Angela and the Franciscan Third Order
It was in Salo, when Angela was already orphaned and living in her uncle’s home, that she first felt an inner call to a deeper relationship to Jesus. Francis’ enthusiasm for Christ and his life commitment to evangelisaton and to simplicity of life attracted Angela. In her pursuit to know and follow Christ more intimately, Angela joined the Franciscan Third Order (Franciscan Tertiaries), lay people who associated themselves with the aims of the Franciscans and with Franciscan spirituality and who were allowed the privilege of receiving Holy Communion frequently, a practice not generally available in an era when parish priests were more often absent than present to their people. Angela, like Francis, valued the Eucharist as the “source and summit” of Christian love and life. Both appreciated the companionship of others in their mutual search for Christ.
The Franciscan Vision
Francis was born in the Umbrian city of Assisi in 1182. Born of wealthy parents, Francis early years were focused on enjoying life. Neither study nor his father’s business appealed to him! Some stories of his early years, however, indicate that he had a compassionate heart for the poor and unfortunate he encountered. Experiences of war, illness, and in prayer, led Francis towards a new life of simplicity and poverty, a life dedicated to Christ and to the poor and needy. In 1210, with eleven companions, Francis visited Rome to request approval of a brief and informal rule of life, based on an imitation of the poverty, celibacy and obedience to God’s will, which characterised the life of Jesus.

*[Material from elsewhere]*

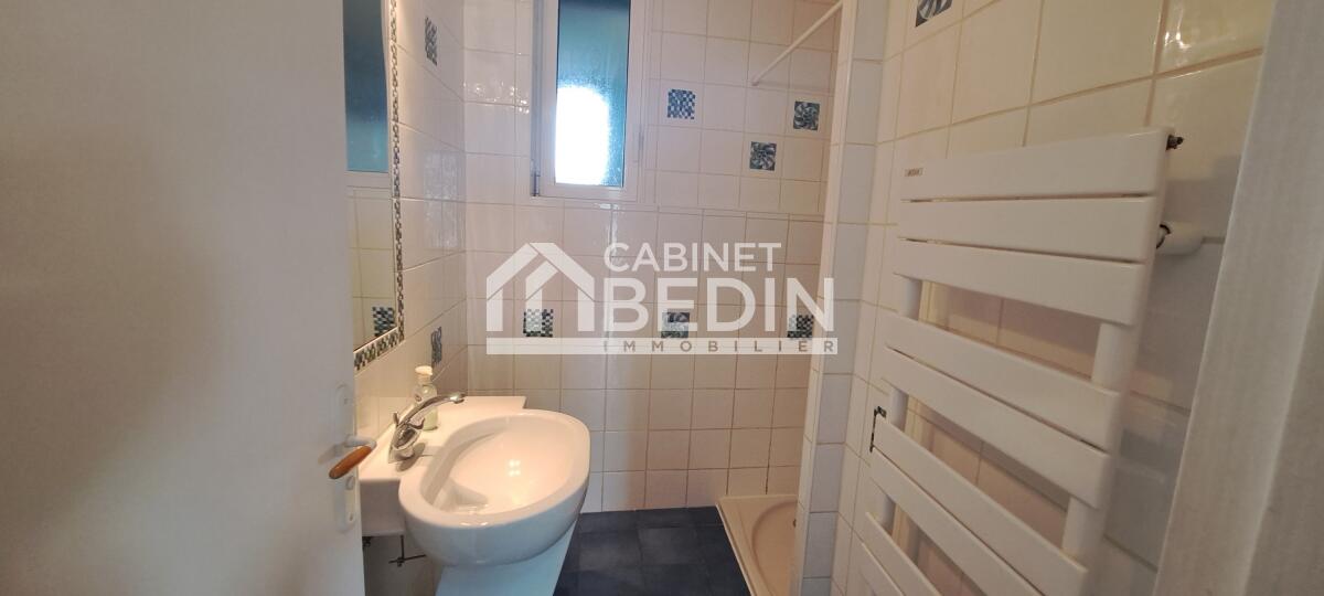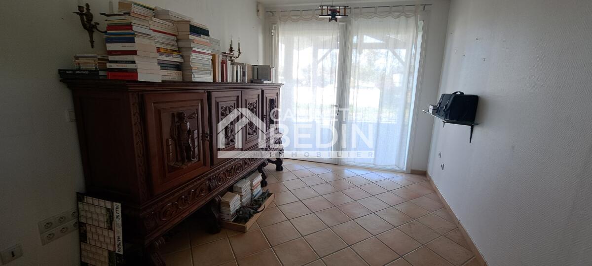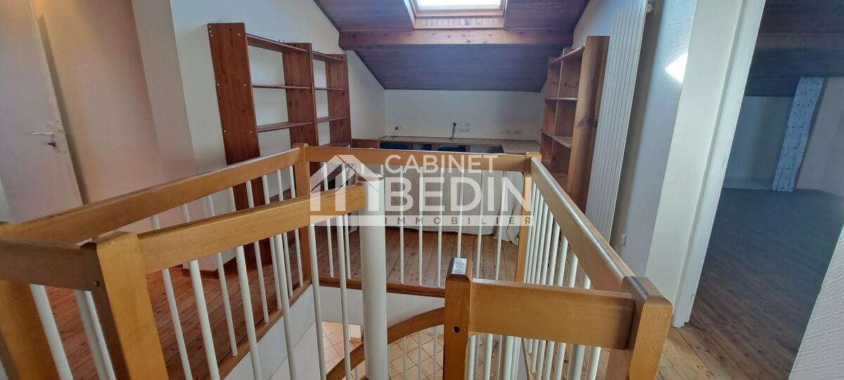 À l'étage : 2 chambres, une salle de bains et un palier mezzanine de 19 m² pouvant servir de bureau.

Francis’ new Order – the Friars Minor – placed love of Christ, poverty of life style, respect for God’s creation, the work of evangelisation and reconciliation, and service of all God’s people, but particularly of the poor and the ill, at the centre of Franciscan life.
A Common Treasure!
Angela’s spirituality has clear Franciscan elements: Christ-centredness, poverty, a spirit of service and reconciliation, radical newness. Christ was the centre of life for both Angela and Francis. For Francis, his way of living was an imitation of Jesus’ life, poor, celibate and obedient; for Angela, it was living as spouse of Christ. Angela sums up what it means for her sisters saying… “they have Jesus Christ for their one and only treasure.” Just as Francis has declared his treasure to be the following of the poor, the healing and the forgiving Christ, here Angela acknowledges her relationship with Jesus to be treasured centre of her life and mission.
Radical Reformers
Francis and his friars, in their radical poverty and faith, were to be a vital saving presence in a church that had grown complacent, negligent and corrupt. Angela, likewise, some three hundred years later, saw a like need to reform the Church and revitalise the faith of the Christian community. As courageous and determined as Francis and his mendicant friars, Angela’s response was to invite women to a radically new way of consecrated witness to Christ, lived, not in the conventional monastic setting but rather out among the people of God. Underlying her daring initiative was Angela’s conviction that women have a vital role to play in keeping Christian discipleship alive. What a relevant insight for our Church today!
Franciscan Echoes
Francis’ undying love of Christ, his concern for God’s Church, for the people of God, and his life of prayer, of radical poverty and Christian service are echoed clearly in Angela’s life, her prayer and her writings. The significance of Franciscan influence in her life is underlined, finally, in her request that she be buried in the habit of a Franciscan tertiary.